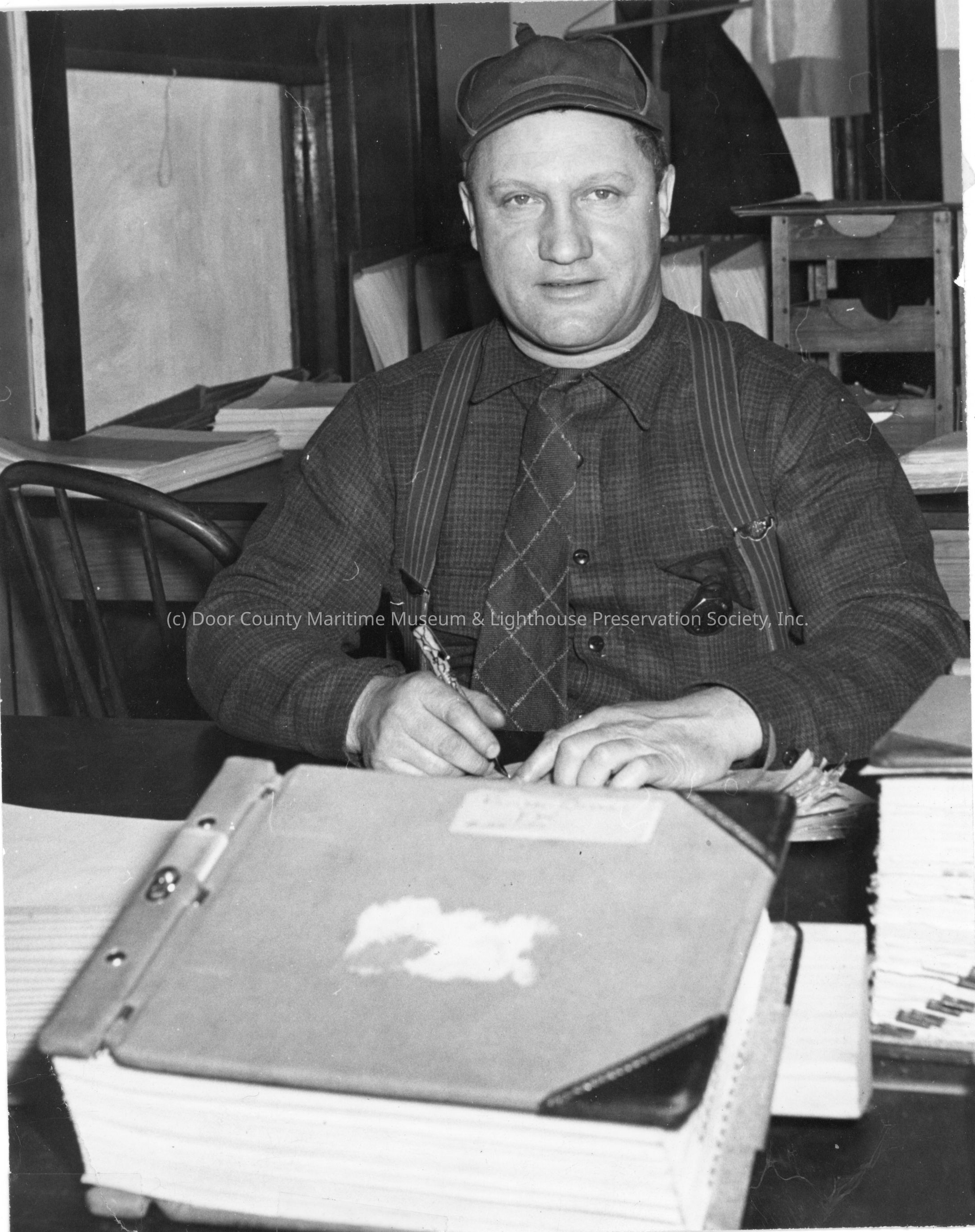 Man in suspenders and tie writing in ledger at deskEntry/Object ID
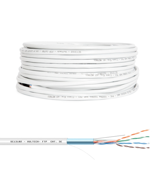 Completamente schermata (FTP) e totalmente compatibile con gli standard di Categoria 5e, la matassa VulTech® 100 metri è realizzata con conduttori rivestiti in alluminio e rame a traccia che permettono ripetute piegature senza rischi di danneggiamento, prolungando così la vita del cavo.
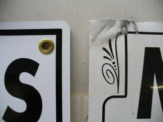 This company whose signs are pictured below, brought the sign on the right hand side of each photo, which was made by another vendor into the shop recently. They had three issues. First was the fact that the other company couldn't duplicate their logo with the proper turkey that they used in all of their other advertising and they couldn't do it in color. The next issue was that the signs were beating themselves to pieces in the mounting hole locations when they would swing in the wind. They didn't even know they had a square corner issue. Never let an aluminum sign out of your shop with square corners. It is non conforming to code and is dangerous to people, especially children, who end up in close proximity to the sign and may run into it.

★ ★ ★ ★

Problem to work on:
Repeat each line of the material, unaltered, from the first through the line with "Completamente schermata (FTP)", and include no pictures.

Task answer:
 Man in suspenders and tie writing in ledger at deskEntry/Object ID
 Completamente schermata (FTP) e totalmente compatibile con gli standard di Categoria 5e, la matassa VulTech® 100 metri è realizzata con conduttori rivestiti in alluminio e rame a traccia che permettono ripetute piegature senza rischi di danneggiamento, prolungando così la vita del cavo.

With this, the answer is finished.